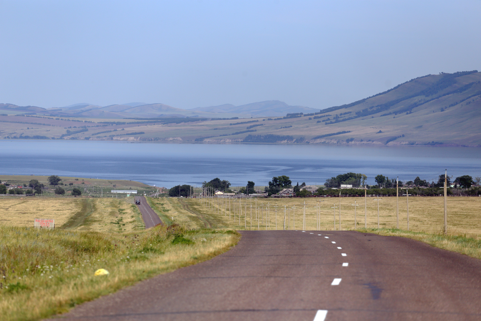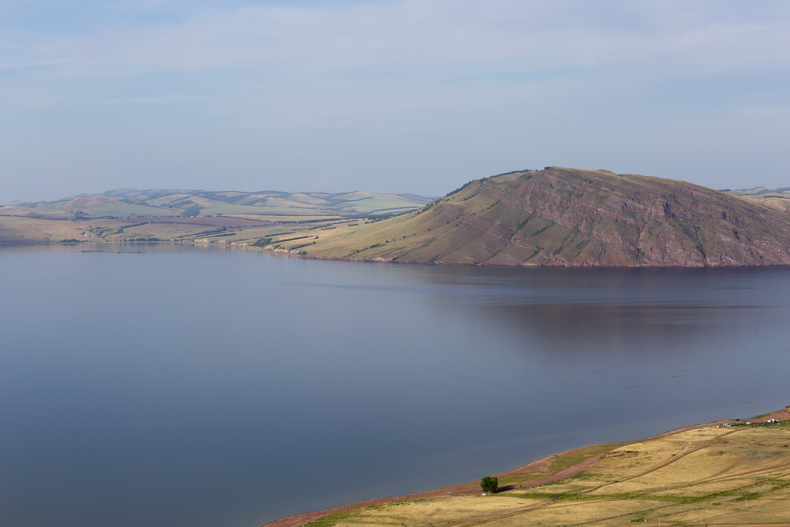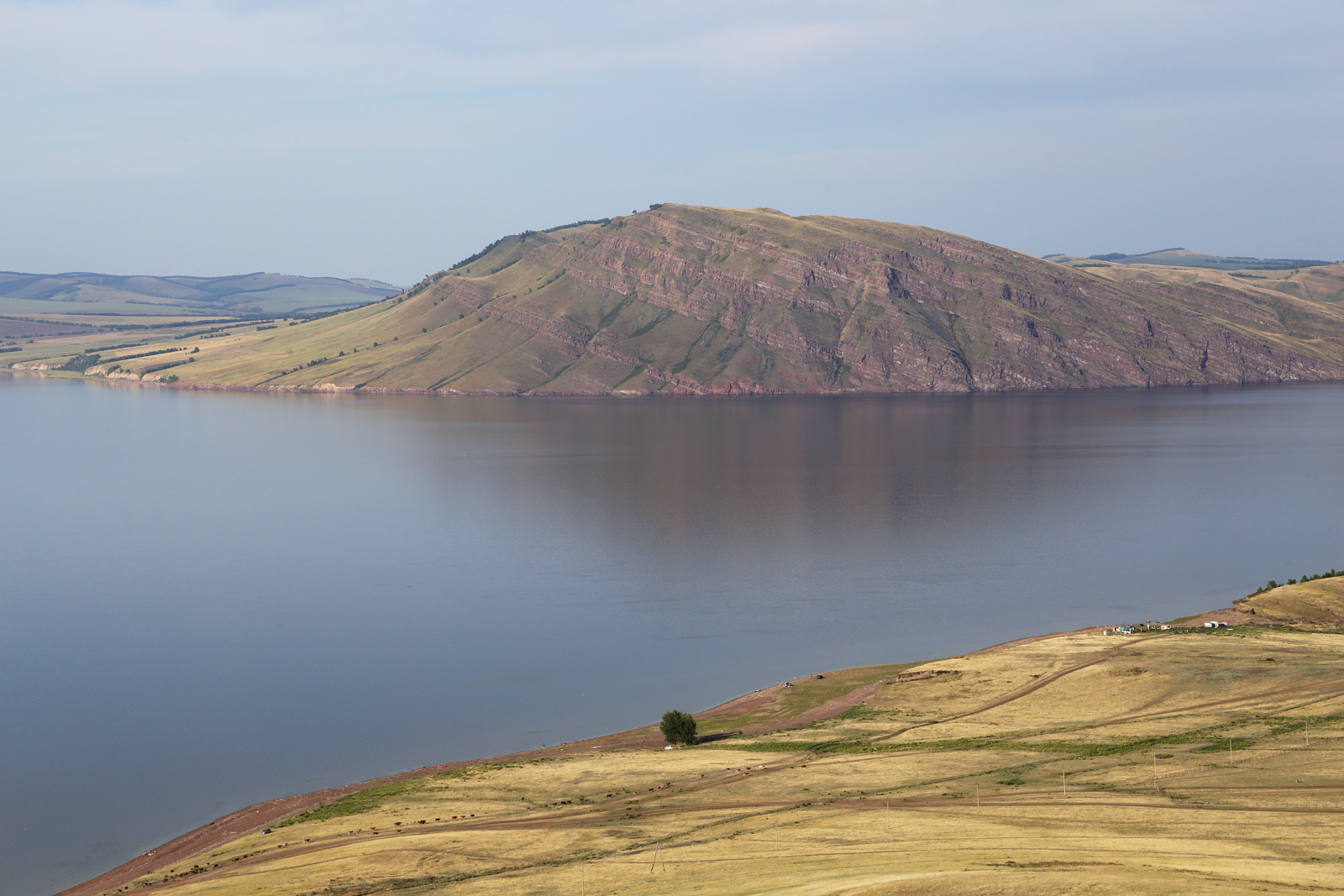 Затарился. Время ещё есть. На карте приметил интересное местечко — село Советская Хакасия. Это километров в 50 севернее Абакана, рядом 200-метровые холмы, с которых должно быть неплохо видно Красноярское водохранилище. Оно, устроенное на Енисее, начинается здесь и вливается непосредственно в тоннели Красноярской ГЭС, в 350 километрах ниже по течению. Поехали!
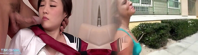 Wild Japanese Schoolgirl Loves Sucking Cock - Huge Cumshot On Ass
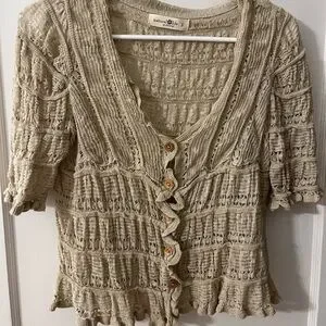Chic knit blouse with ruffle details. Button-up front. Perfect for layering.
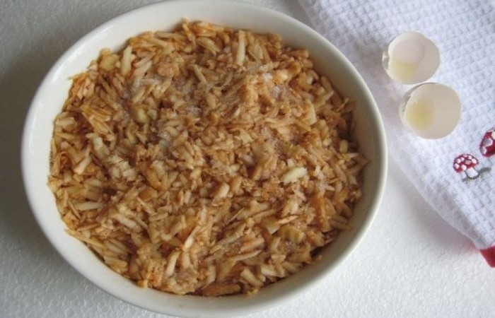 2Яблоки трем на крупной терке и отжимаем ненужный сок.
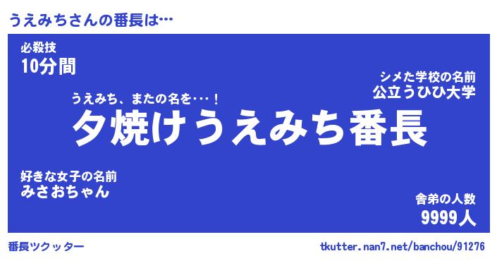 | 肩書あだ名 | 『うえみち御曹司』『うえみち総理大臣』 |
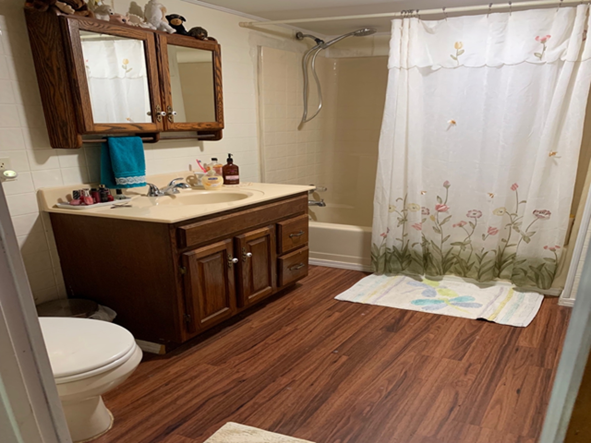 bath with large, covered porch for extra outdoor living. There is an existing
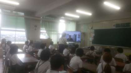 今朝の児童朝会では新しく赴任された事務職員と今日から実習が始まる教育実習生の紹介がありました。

# PROBLEM DESCRIPTION
Exactly the lines from the one that contains "2Яблоки трем на" to the last line of the data, both included, should be set down, and no pictures should appear among them.

# ANSWER AREA
 2Яблоки трем на крупной терке и отжимаем ненужный сок.
 | 肩書あだ名 | 『うえみち御曹司』『うえみち総理大臣』 |
 bath with large, covered porch for extra outdoor living. There is an existing
 今朝の児童朝会では新しく赴任された事務職員と今日から実習が始まる教育実習生の紹介がありました。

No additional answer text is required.